→ **Requirement**
In the entries below, repeat only the lines between those holding "Состав набора |" and "Edirne'nin Atatürk Bulvarı'nda", inclusive. Leave pictures out.

→ **Given data**
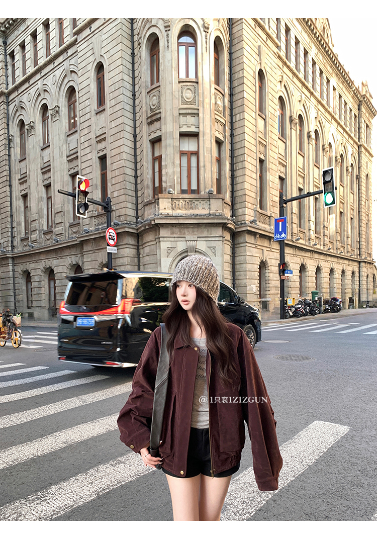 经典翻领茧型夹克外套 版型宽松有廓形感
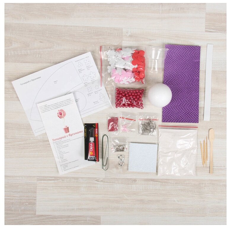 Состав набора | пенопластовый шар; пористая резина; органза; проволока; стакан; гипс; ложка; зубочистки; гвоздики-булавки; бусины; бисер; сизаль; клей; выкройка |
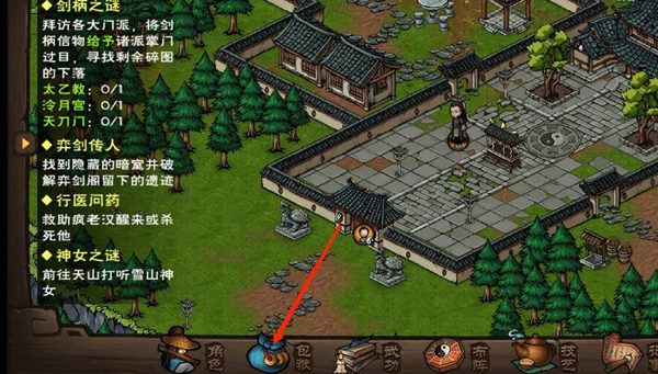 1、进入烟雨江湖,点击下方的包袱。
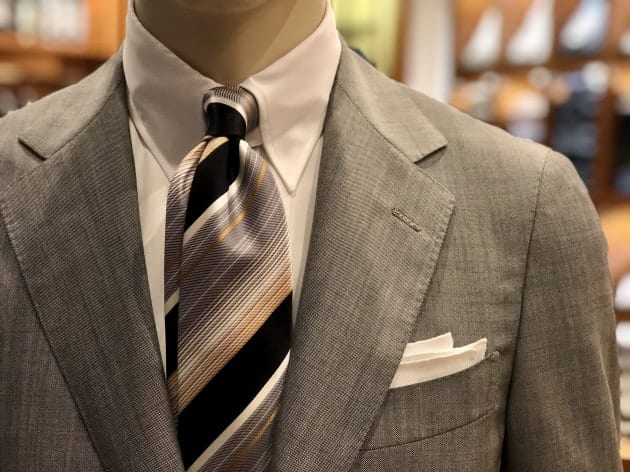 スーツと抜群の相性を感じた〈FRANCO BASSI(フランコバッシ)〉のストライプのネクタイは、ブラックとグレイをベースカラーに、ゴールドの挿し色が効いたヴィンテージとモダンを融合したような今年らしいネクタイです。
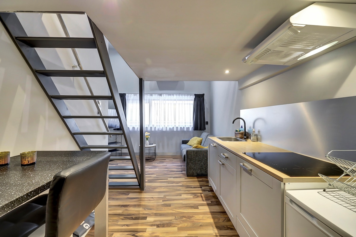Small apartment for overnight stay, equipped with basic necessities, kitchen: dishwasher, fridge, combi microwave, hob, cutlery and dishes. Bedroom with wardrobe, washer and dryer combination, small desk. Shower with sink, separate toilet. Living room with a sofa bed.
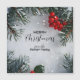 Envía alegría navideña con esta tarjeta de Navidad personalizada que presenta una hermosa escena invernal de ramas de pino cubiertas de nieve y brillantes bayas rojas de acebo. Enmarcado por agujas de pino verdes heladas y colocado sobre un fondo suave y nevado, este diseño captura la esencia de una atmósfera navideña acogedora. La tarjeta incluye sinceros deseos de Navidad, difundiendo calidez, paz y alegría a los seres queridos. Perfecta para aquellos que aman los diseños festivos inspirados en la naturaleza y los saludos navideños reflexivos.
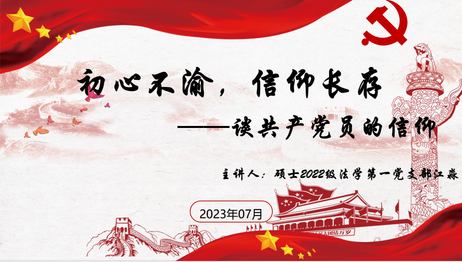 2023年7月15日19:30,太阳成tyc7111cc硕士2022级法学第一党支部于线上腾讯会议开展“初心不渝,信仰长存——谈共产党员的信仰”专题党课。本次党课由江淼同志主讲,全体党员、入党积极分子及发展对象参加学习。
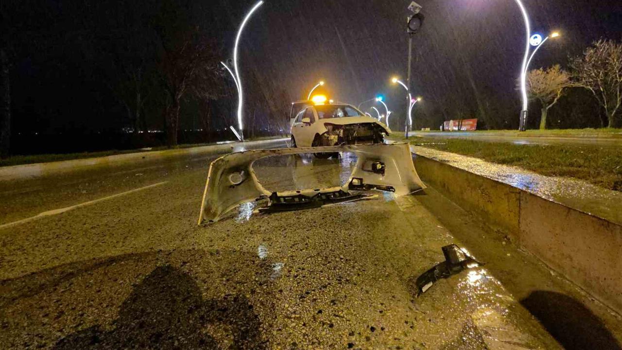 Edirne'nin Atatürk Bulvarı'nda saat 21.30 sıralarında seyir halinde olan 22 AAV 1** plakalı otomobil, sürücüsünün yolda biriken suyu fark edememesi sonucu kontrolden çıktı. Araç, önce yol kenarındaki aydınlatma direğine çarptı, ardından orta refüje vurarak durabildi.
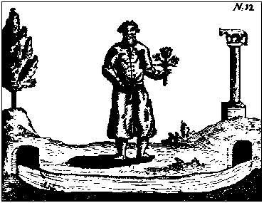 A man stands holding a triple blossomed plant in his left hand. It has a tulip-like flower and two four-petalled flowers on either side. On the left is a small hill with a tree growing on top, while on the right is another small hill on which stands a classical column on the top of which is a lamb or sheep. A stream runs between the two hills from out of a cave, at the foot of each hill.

---

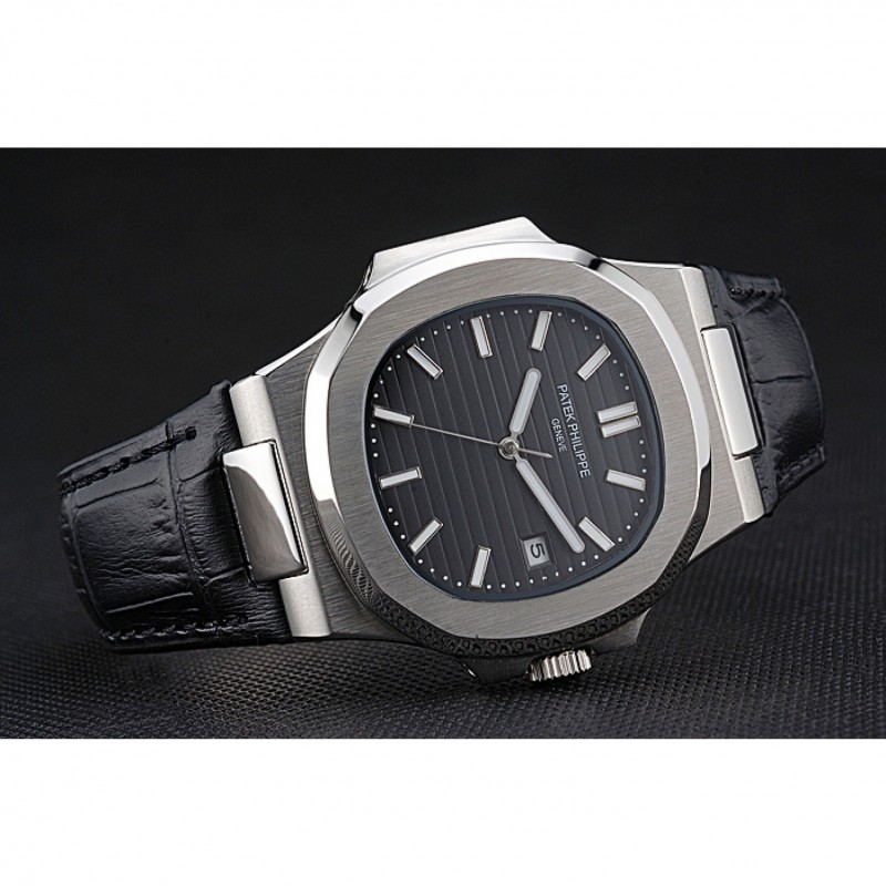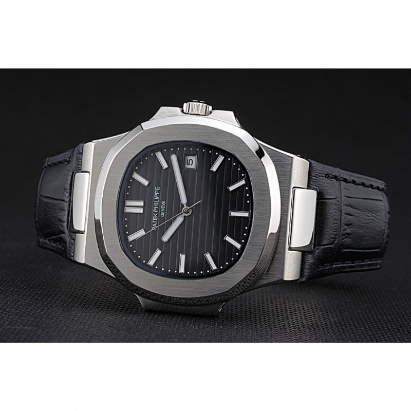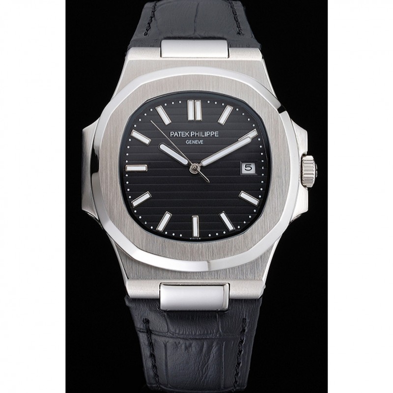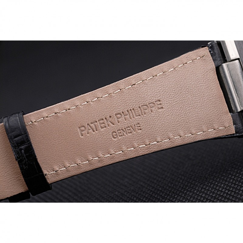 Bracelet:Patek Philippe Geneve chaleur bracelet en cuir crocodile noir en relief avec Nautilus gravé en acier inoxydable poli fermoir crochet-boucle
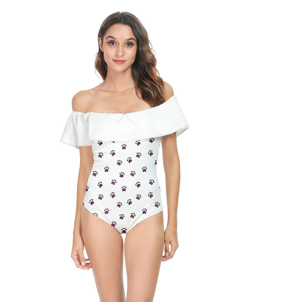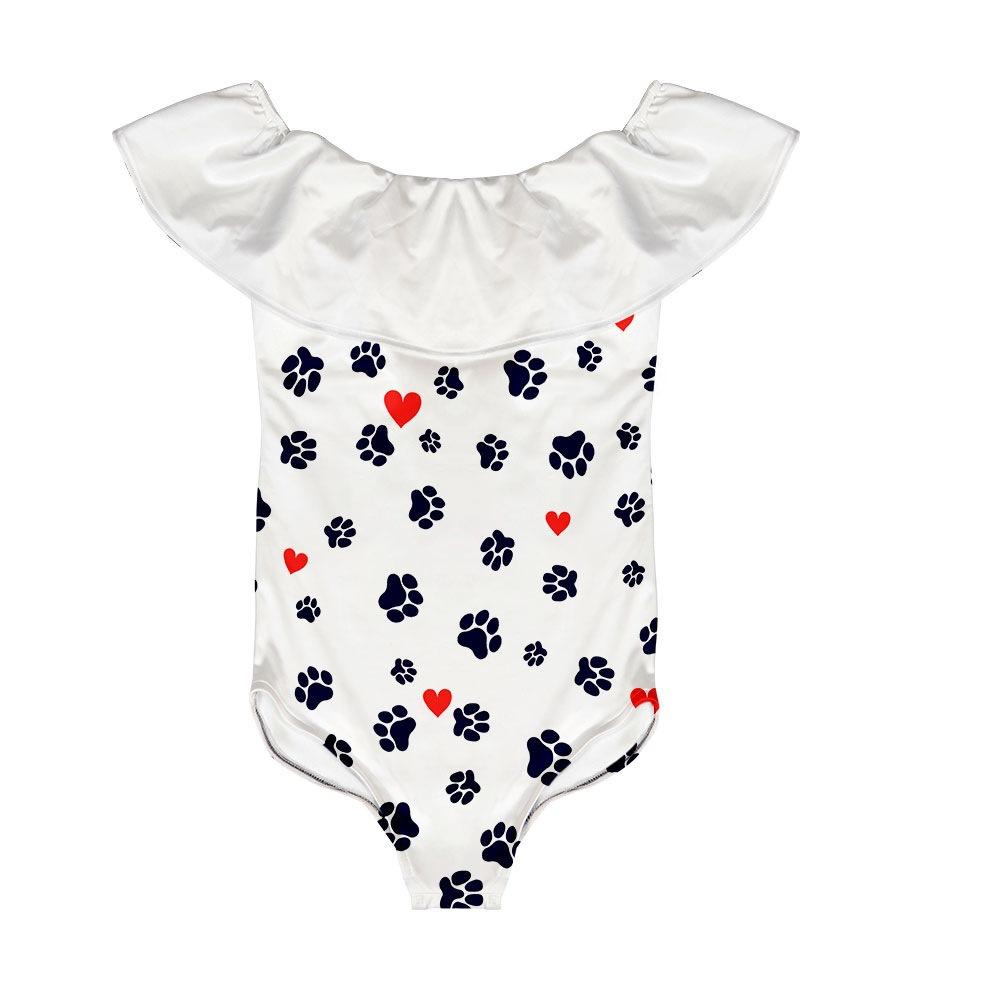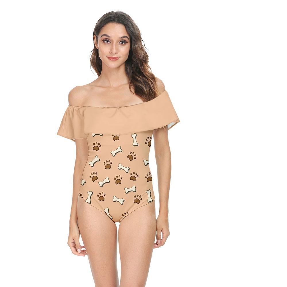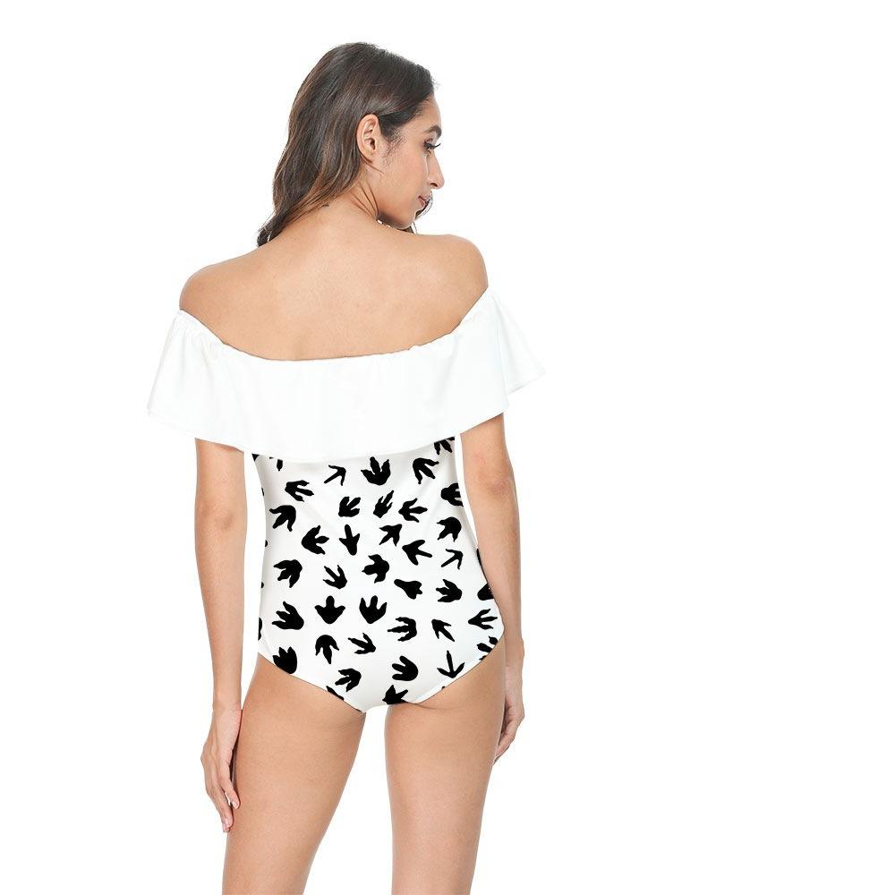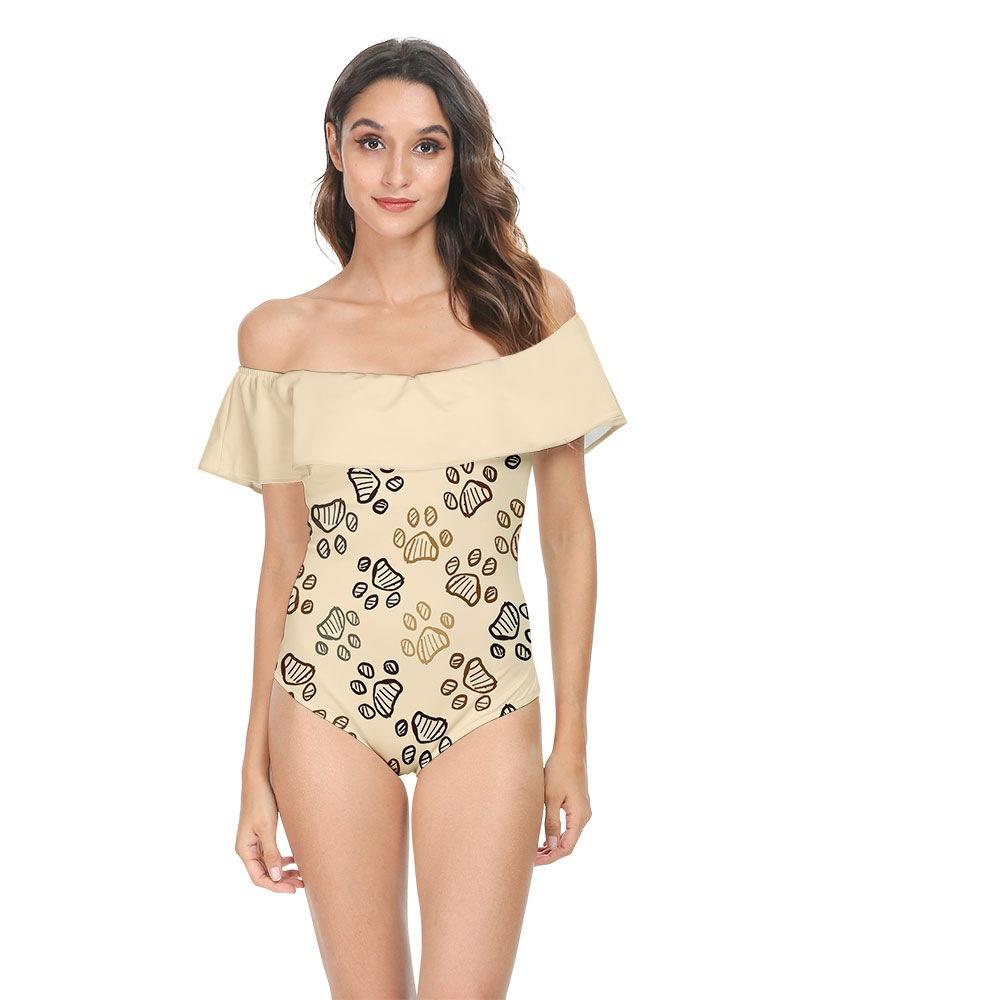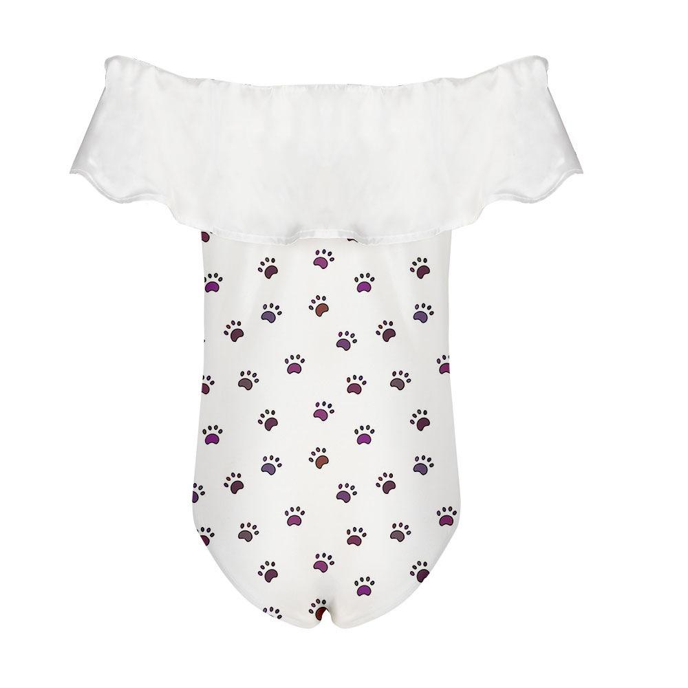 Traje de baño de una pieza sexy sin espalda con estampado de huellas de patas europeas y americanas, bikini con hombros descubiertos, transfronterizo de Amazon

→ **Written response**
 Состав набора | пенопластовый шар; пористая резина; органза; проволока; стакан; гипс; ложка; зубочистки; гвоздики-булавки; бусины; бисер; сизаль; клей; выкройка |
 1、进入烟雨江湖,点击下方的包袱。
 スーツと抜群の相性を感じた〈FRANCO BASSI(フランコバッシ)〉のストライプのネクタイは、ブラックとグレイをベースカラーに、ゴールドの挿し色が効いたヴィンテージとモダンを融合したような今年らしいネクタイです。
Small apartment for overnight stay, equipped with basic necessities, kitchen: dishwasher, fridge, combi microwave, hob, cutlery and dishes. Bedroom with wardrobe, washer and dryer combination, small desk. Shower with sink, separate toilet. Living room with a sofa bed.
 Envía alegría navideña con esta tarjeta de Navidad personalizada que presenta una hermosa escena invernal de ramas de pino cubiertas de nieve y brillantes bayas rojas de acebo. Enmarcado por agujas de pino verdes heladas y colocado sobre un fondo suave y nevado, este diseño captura la esencia de una atmósfera navideña acogedora. La tarjeta incluye sinceros deseos de Navidad, difundiendo calidez, paz y alegría a los seres queridos. Perfecta para aquellos que aman los diseños festivos inspirados en la naturaleza y los saludos navideños reflexivos.
 2023年7月15日19:30,太阳成tyc7111cc硕士2022级法学第一党支部于线上腾讯会议开展“初心不渝,信仰长存——谈共产党员的信仰”专题党课。本次党课由江淼同志主讲,全体党员、入党积极分子及发展对象参加学习。
 Edirne'nin Atatürk Bulvarı'nda saat 21.30 sıralarında seyir halinde olan 22 AAV 1** plakalı otomobil, sürücüsünün yolda biriken suyu fark edememesi sonucu kontrolden çıktı. Araç, önce yol kenarındaki aydınlatma direğine çarptı, ardından orta refüje vurarak durabildi.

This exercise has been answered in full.